This is an excellent summary which comports well with the analysis of other commentators such as Andrei Martyanov, Larry Johnson, Douglas Macgregor, Scott Ritter, et al. What isn’t touched upon as much by any of the commentators I follow is the social and psychological composition of the population itself. The basic description of a divided Ukraine is characterized as Ukrainian nationalism vs. Russian cultural identity, but is this the whole story, or merely a superficial construct designed primarily for western consumption? Granted this division is significant, but there are other elements in play here, first of which is the economic and demographic reality of Ukraine since independence in 1991.

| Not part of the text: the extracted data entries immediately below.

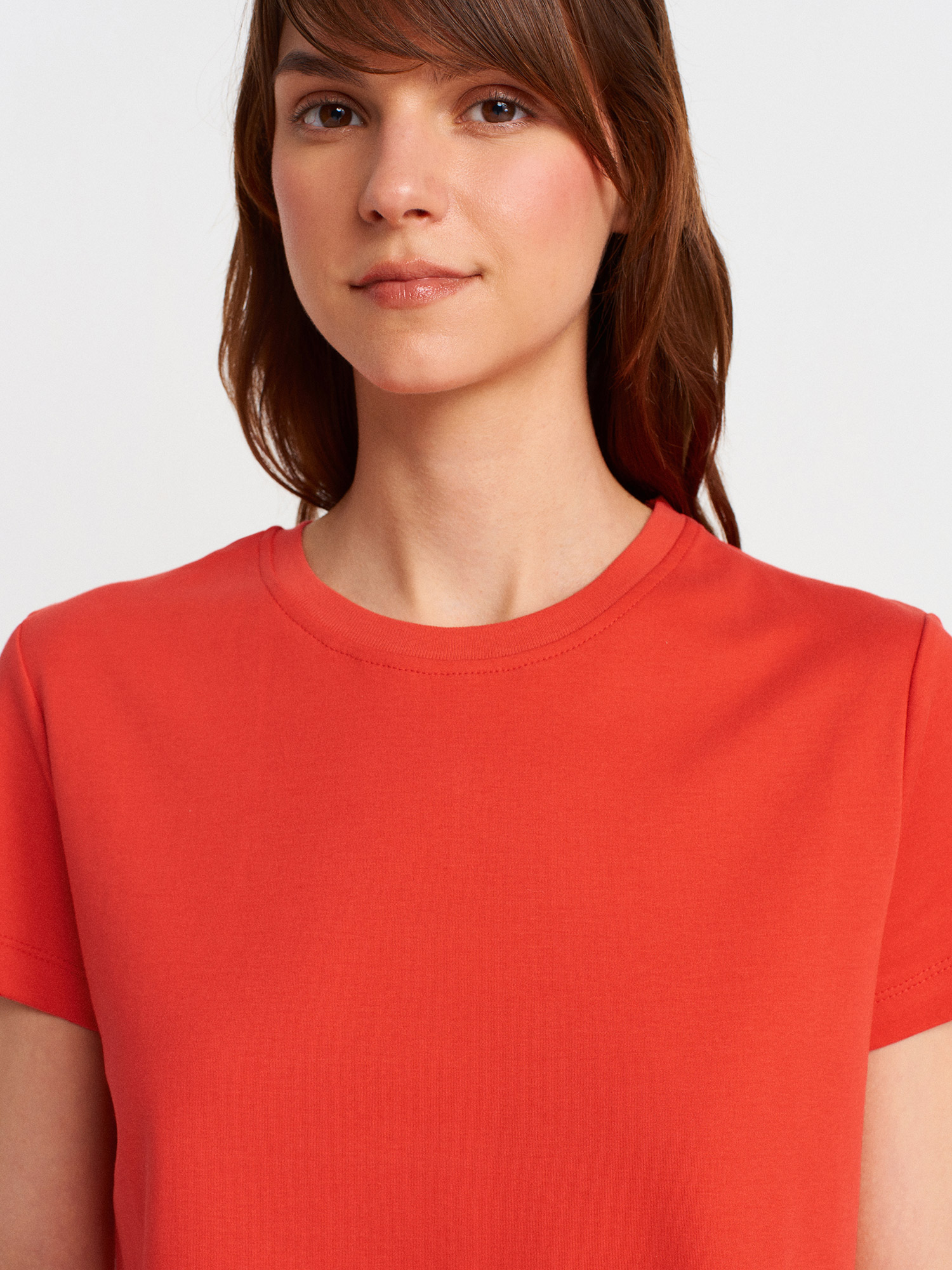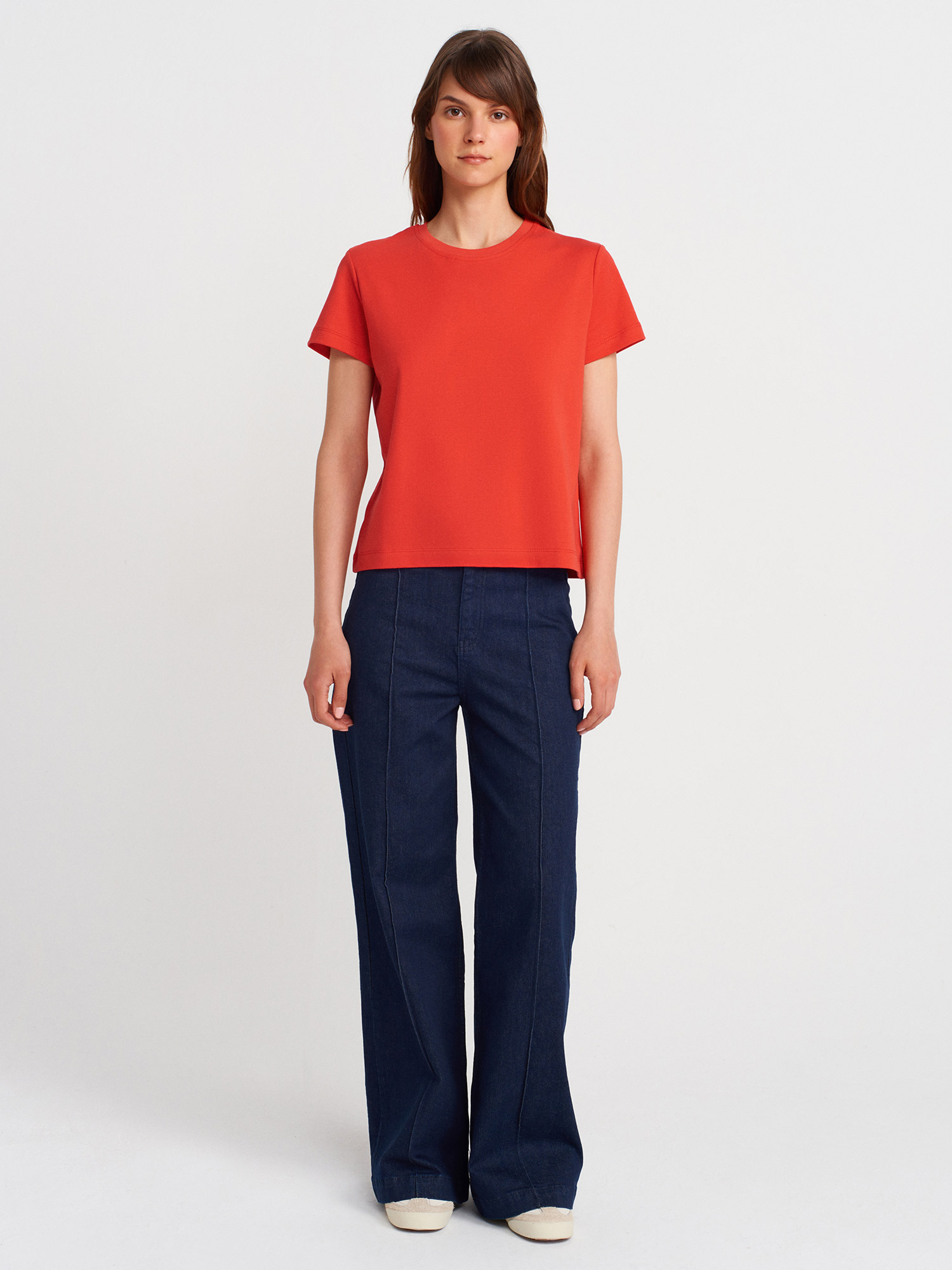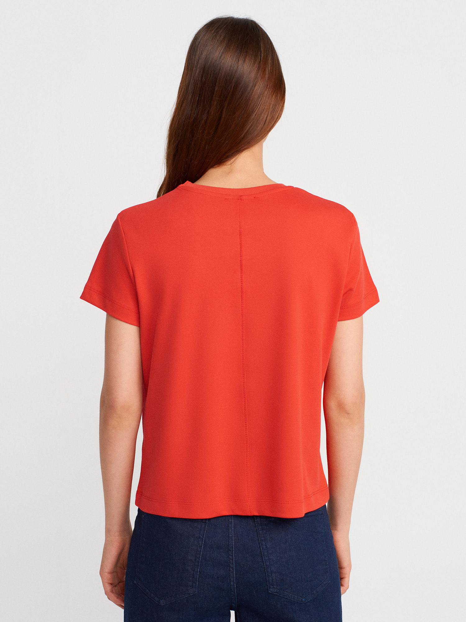 31757 Bisiklet Yaka Dikiş Detaylı T-shirt-Kırmızı
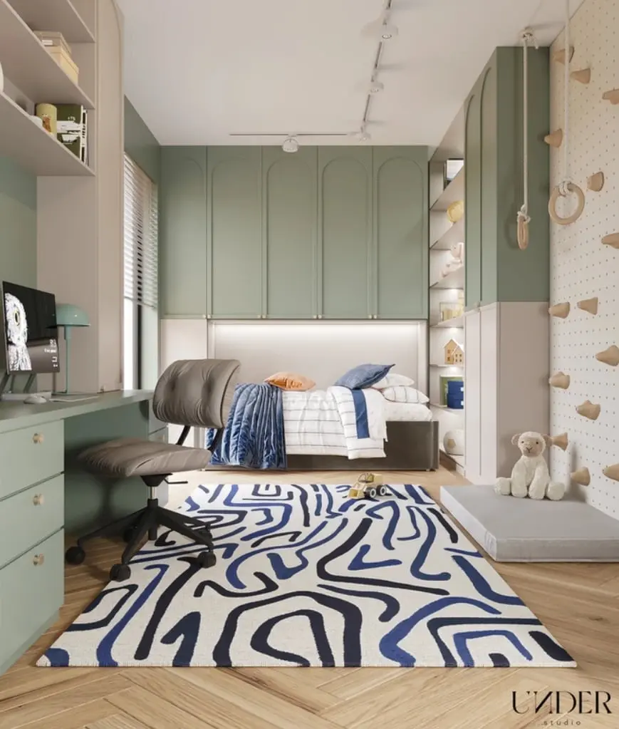 Drugi pokój chłopięcy nawiązuje kolorystyką oraz stylistyką do pokoju młodszego brata.
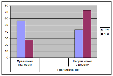 Отже, із таблиць та діаграм видно, що більші зрушення у правильності відповідей учнів в усних обчисленнях протягом навчального року відбулися в 1‑А класі. Ми пояснюємо це тим, що учні 1‑А класу навчалися за нашою експериментальною системою (порівняно з 1‑В класом, де навчання проходило у звичайній формі).
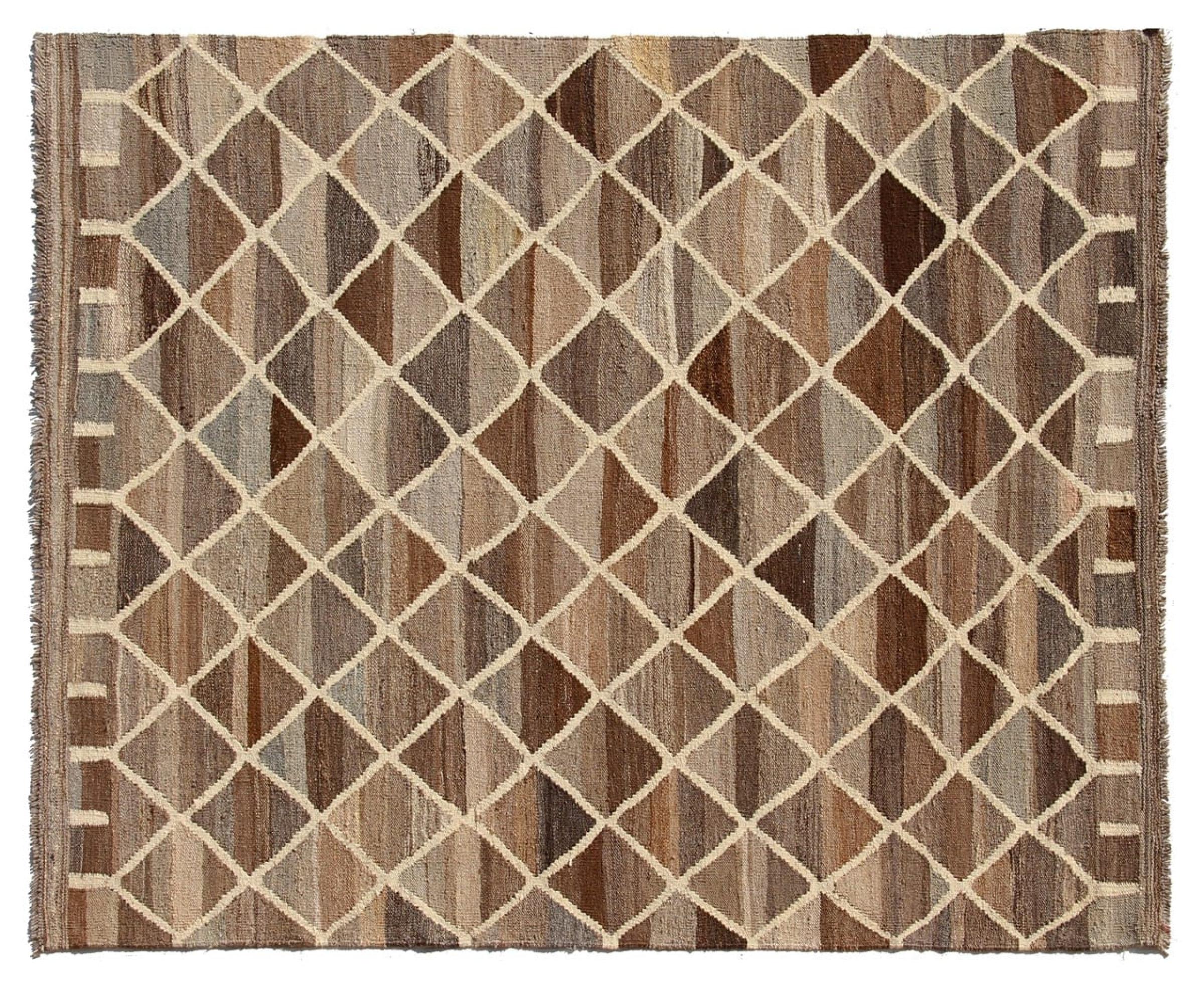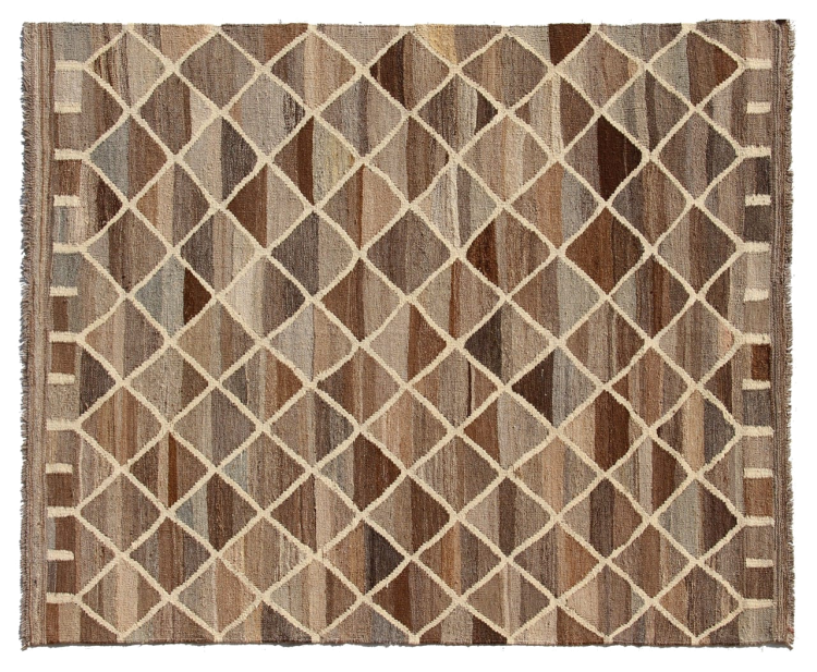 Estas alfombras kilim muestran una diferencia decisiva con las alfombras anudadas a mano - son tejidas a mano. Por lo tanto, no tienen un montón alto de lana y son a menudo más planos y más ásperos que las alfombras de lana anudada. Su fabricación es menos elaborada y por eso suelen ser mucho más baratas. Como ventaja, las alfombras de kilim son también mucho más ligeras y pueden ser colocadas por delante y por detrás. Los kilims tejidos a mano provienen originalmente de la antigua Persia y ahora también se fabrican a menudo en el Afganistán. Tienen patrones bastante simples y directos, que se deben a su técnica de tejido.
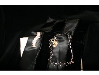 Kathy Flahavin & Associates black silk and sik velvet stripe scarf , link/juicy necklace and barrett

I think it’s useful to do a side by side comparison of Russia vs Ukraine post the breakup. They were the most similar of the former republics, and the most significant in economic terms, which meant they were the first to attract the attention of western financiers and their corporate allies. So for the next ten years we had a similar pattern of former apparatchiks acquiring great fortunes with western banking assistance, to the detriment of the population at large. Then the great divergence occurred with the ascent of VVP and his faction, which having gained political power sat the oligarchs down and read them the riot act. You can keep some of your assets, but some you’ll have to return to the state, and by the way, you’re working for Russia now. Anyone who doesn’t agree is welcome to get on their yacht and leave. So sign here, or there’s the door, and I’d like my pen back please.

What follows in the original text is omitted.